Two Canadian tech companies have gone public recently with promises of a rosy future. One has been a hit with investors out of the gate, the other has face-planted. Now, with their first quarterly earnings reports on the way, investors will have a chance to revisit their initial responses.
The former is Ottawa e-commerce software platform company Shopify Inc. The stock shot up on its debut on May 21 and now trades at double its $17-a-share offer price. Shopify reports on its second quarter Thursday.
The latter is Mogo Finance Technology Inc., an online lender that is seeking to disrupt the big banks. The Vancouver company's stock went out on June 25 at $10 a share and immediately lost altitude. It has since tumbled by 30 per cent. Mogo's second-quarter report comes out on Aug. 13. Analysts expect big numbers from Shopify, with an average revenue estimate of $38.1-million (U.S.) for the second quarter, up more than 60 per cent year over year.
The company is expected to lose $4.8-million. RBC analyst Ross MacMillan forecasts that Shopify will add 51,000 merchants this year.
There are two concerns for Shopify: The stock is pricey – trading at about 13 times the ratio of enterprise value-to-revenue, leaving some analysts sitting on their hands. "We continue to believe [Shopify] is a very promising stock that is just a stock-market correction away from a possible upgrade from hold to buy," Canaccord Genuity analyst Richard Davis said in a recent note.
The other concern is that Shopify operates in a highly competitive market, with much potential churn among the modest-sized merchants that use its platform. One reminder came this week as Amazon.com Inc. unveiled its Launchpad platform that will feature new products for sale. That suggests that "Amazon is preparing to one-up" Shopify and other e-commerce startups, TechCrunch reported.
So far, there isn't much concern that Amazon will siphon business from Shopify. "Launchpad is an interesting move by Amazon to add unique and innovative products to their selection. I think companies using this program will do well," Vancouver venture capitalist Boris Wertz said. "Having said that, you don't want to be too dependent on one sales channel, so every smart company will continue to have their own website and sell through other channels. I don't think it will have a huge effect on Shopify."
Shopify chief platform officer Harley Finkelstein said in an e-mail, "We don't consider Amazon a competitor and it's exciting to see so much innovation and excitement in the e-commerce space."

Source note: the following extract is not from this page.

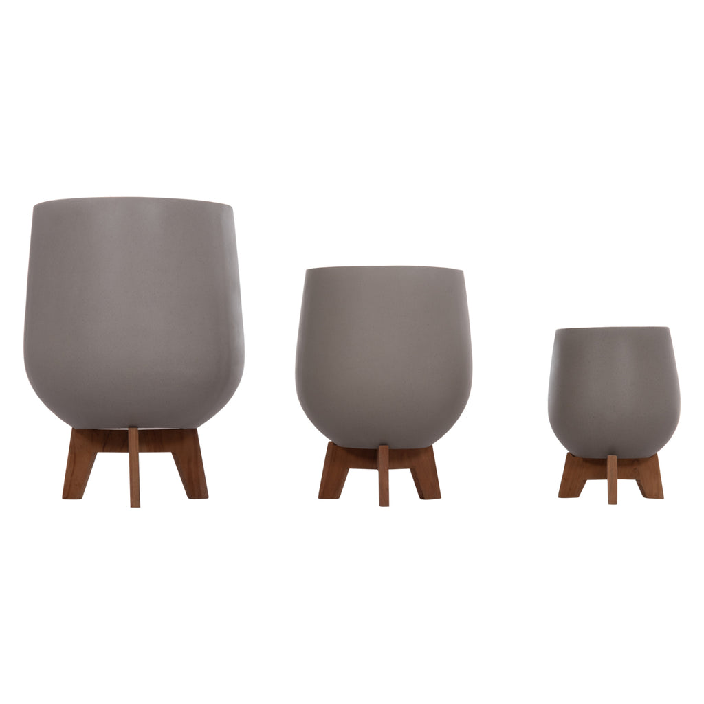 3-те саксии/вази TRYLL са изработени от фиброцимент в различни размери в СИВ цвят. Тяхната специална характеристика е, че са придружени от красиви триножници, изработени от тиково дърво.

As for Mogo, chief executive officer Dave Feller says he isn't too concerned by the early cool reception. Mogo's debut has coincided with global market volatility and concerns about the Canadian economy. Other online lenders that have gone public recently, including LendingClub Corp. and On Deck Capital Inc., have also also seen their shares sell off. "We are really focused on execution [and] in the short term, we don't think the stock price really matters that much," Mr. Feller said.
He added that the market has yet to appreciate just how disruptive "fin-tech" companies will be, and likens Mogo to Netflix when it was starting to displace Blockbuster. "We think in the not too distant future [the lending market] will be completely different and it will be led by companies like us. Until we start getting out there and really tell the story, and until people can see how we're progressing in our business, obviously the stock will reflect that. We're talking about [building] a multibillion-dollar business opportunity here."
Cormark Securities analysts Richard Tse and Jeff Fenwick said in a report on Wednesday that they expect Mogo to double revenue this year to $46.6-million and again next year to $94.8-million, and forecast the stock to rise to $11.25 within the year: "We are excited by Mogo's growth prospects," they wrote. "That said, Mogo has a significant 'to-do list' in front of it to realize its vision."